A cryptocurrency is a digital or virtual currency that uses cryptography for security. This means that it is secured by a network of computers and is difficult to counterfeit or double-spend. One of the key features of cryptocurrencies is that they are decentralized. This means that they are not issued by any central authority, such as a government or bank. Instead, they are created and managed by a network of users. This makes them more resistant to government interference or manipulation. Cryptocurrencies also use blockchain technology to record transactions. Blockchain is a distributed ledger that is secure and transparent. This means that all transactions are recorded on a public database, which makes it difficult to cheat or steal. Finally, almost all cryptocurrencies have a limited supply. This means that there is a finite number of coins that will ever be created, which helps to prevent inflation.

AI tools development

Now that we know what is a cryptocurrency and why it is important to have a brief knowledge in this field in order to invest on it. The next step is now to create a tool that measure the sentiment of a tweet for helping us to take a better decision. Our AI tool will be a machine learning model that has been pre-trained on a large dataset of tweets. This model will be fine-tuned on a dataset of tweets specifically about cryptocurrency. This will allow the model to learn the nuances of the language used in cryptocurrency tweets and to identify the sentiment of these tweets more accurately. However, in order to fine-tune a pre-trained model, we first need to collect a dataset of tweets about cryptocurrency.

Data preprocessing

For this context, we will need a dataset that contains tweets about a cryptocurrency, the BTC tweets sentiment is the better choice for us. This dataset comes from data.world which is a great place to find a public dataset for creating an AI tools like ours. So let’s, analyze the data.

Before, we need to clean the tweet to do that we need to :

Removes all hashtags (#).
Removes all URLs.
Removes all mentions (@username).

def preprocess_tweet(data, column_text):
    texts = []
    for i, text in enumerate(tqdm(data[column_text], position=0)):
        # text = str(tweets_sub.loc[i, 'text'])
        try:
            text = text.replace("#", "")
            text = re.sub('https?://(?:[-\w.]|(?:%[\da-fA-F]{2}))+', '', text, flags=re.MULTILINE)
            text = re.sub('@\\w+ *', '', text, flags=re.MULTILINE)
        except AttributeError:
            data.drop(i, inplace=True)
            continue
        texts.append(text)
    data[column_text] = np.array(texts)
    return data

The purpose of this function is to preprocess the tweets in order to remove any unwanted elements that could affect the sentiment analysis. By removing hashtags, URLs, and mentions, the function ensures that the sentiment analysis is focused on the actual text of the tweet.

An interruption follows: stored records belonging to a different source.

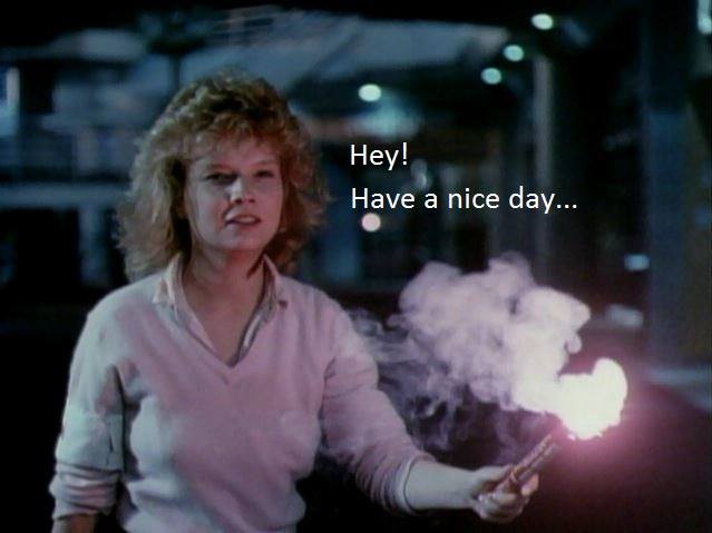 [Minutes after our call end, Maroney emailed me to say that she had forgotten to mention one very important thing that she learned about only after filming of Chopping Mall had ended. So I called her back up to uncover this key detail...]Kelli Maroney: Okay, so I noticed this when I first saw the screening of it, but it was kind of hoping that nobody else would notice it. But everybody notices it. One of the things that really upsets me about the movie is I go through the entire film with severe camel toe. I mean, severe camel toe. It's all you can look at!Blake J. Harris: Ha!Kelli Maroney: No one said a word to me during the shoot. Now, Jim Wynorski, I can understand why he wouldn't say that. But the costume lady? One of my friends? I mean, I watch the movie and all I can think is there's another camel toe shot! And it's not just me. You know, I was hoping: okay, I noticed that but nobody else is gonna notice that! No, it's all over the internet. The camel toe!Blake J. Harris: Quite an honor there, to be remembered for that.Kelli Maroney: So I just want everyone to know: I know. [laughs] I know. And not only that, but nobody told me. But can you believe that?Blake J. Harris: Why do you think they didn't tell you? They didn't notice or they would have felt uncomfortable?Kelli Maroney: I don't think anyone had time to notice? But nobody would have felt uncomfortable.. Maybe they liked it.Blake J. Harris: [laughs] Probably.Kelli Maroney: So that's my defining characteristic of the character?? It's like I based my whole character of Allison in Chopping Mall on the camel toe, but I didn't, I swear!!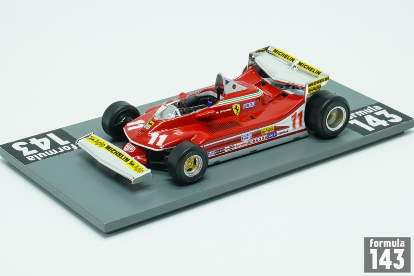 Ferrari 312 series was one of the most successful and famous Grand Prix cars from Maranello. Initially designed by Mauro Forghieri for 1975 season, it raced in various versions from 1975 until 1980 and won 27 races out of 90. The 312T4 version was built for 1979 season with major improvements in the field of aerodynamics in order to follow ground effect design introduced by Colin Chapman’s Lotus in 1978. The car was fast enough to match any rival and very reliable. Jody Scheckter and Gilles Villeneuve won 3 races each and took 1st and 2nd positions respectively in the Drivers’ Championship. The version of the car used in Monaco featured a specially commissioned pair of front and rear wings, both designed to interact more effectively with the bodywork at lower speeds, improving downforce and agility. The car’s wheelbase was also ajustable, moving the front wheel axle line in an attempt to make the car more nimble through the low speed corners. See also Villeneuve’s cars from the same Ferrari F1 Collection and by Minichamps.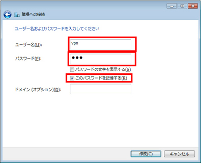 - ユーザー名およびパスワードすべて「vpn」 (3 文字)

btc_sentiment = pd.read_csv("./BTC_tweets_daily_example.csv")
btc_sentiment.drop("Unnamed: 0", inplace=True, axis=1)
btc_sentiment = preprocess_tweet(btc_sentiment, 'Tweet')
btc_sentiment.dropna(axis=0, inplace=True)
btc_sentiment.drop_duplicates(inplace=True)
btc_sentiment.head()

The Tweet and sent_score columns are the two main columns needed for fine-tuning a model. The last two columns (New_sentiment_score, New_sentiment_state) were added by a NLP-trained model to compare against the original sentiments as described on the website. However, our goal is to create an AI tool that analyzes the sentiment of a tweet, so we do not need these columns.

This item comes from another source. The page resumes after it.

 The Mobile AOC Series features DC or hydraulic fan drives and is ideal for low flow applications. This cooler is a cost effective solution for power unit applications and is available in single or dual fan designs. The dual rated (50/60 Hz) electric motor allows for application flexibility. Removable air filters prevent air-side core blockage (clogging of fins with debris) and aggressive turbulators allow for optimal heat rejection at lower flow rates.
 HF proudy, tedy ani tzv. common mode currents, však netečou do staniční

We will use the pytorch Dataset API to load this dataset. This will help us to train the model efficiently since it will load the data by batch so that the RAM will not be in surcharge. Also the tokenizing step will also perform only when the data will be fit into the RAM.

class RobertaTweetDataset(Dataset):
    def __init__(self, data, tokenizer):
        self.tokenizer = tokenizer
        self.features_text = data['Tweet'].values
        self.labels = data['sent_score'].values

    def __len__(self):
        return len(self.features_text)

    def __getitem__(self, idx):
        inputs = self.tokenizer(self.features_text[idx], padding=True)
        labels = self.labels[idx] + 1
        return {"input_ids": inputs["input_ids"], "attention_mask": inputs["attention_mask"], "labels": labels}

Now it’s time to train our model. After that, we will analyze tweets from more complete datasets.

def load_training(train_dataloader, model, criterion, optimizer):
    total_train_loss = 0
    total_correct = 0

    model.train()
    size = len(train_dataloader.dataset)
    num_batches = len(train_dataloader)

    for batch, data in enumerate(train_dataloader):
        for k, v in data.items():
            data[k] = v.to(device)
        preds = model(input_ids=data['input_ids'], attention_mask=data['attention_mask'])
        preds = preds.type(torch.FloatTensor).to(device)
        loss = criterion(preds, data['labels'].type(torch.LongTensor).to(device))
        correct = (torch.argmax(preds, axis=1) == data['labels']).type(torch.float).sum().item()

        loss.backward()
        optimizer.step()
        optimizer.zero_grad()

        total_train_loss += loss.item()
        total_correct += correct

        if batch % 10 == 0 and not batch == 0:
            loss, current = loss, (batch + 1) * len(data['input_ids'])
            print(f"loss: {loss:>7f} - accuracy: {correct/BATCH_SIZE} [{current:>5d}/{size:>5d}]")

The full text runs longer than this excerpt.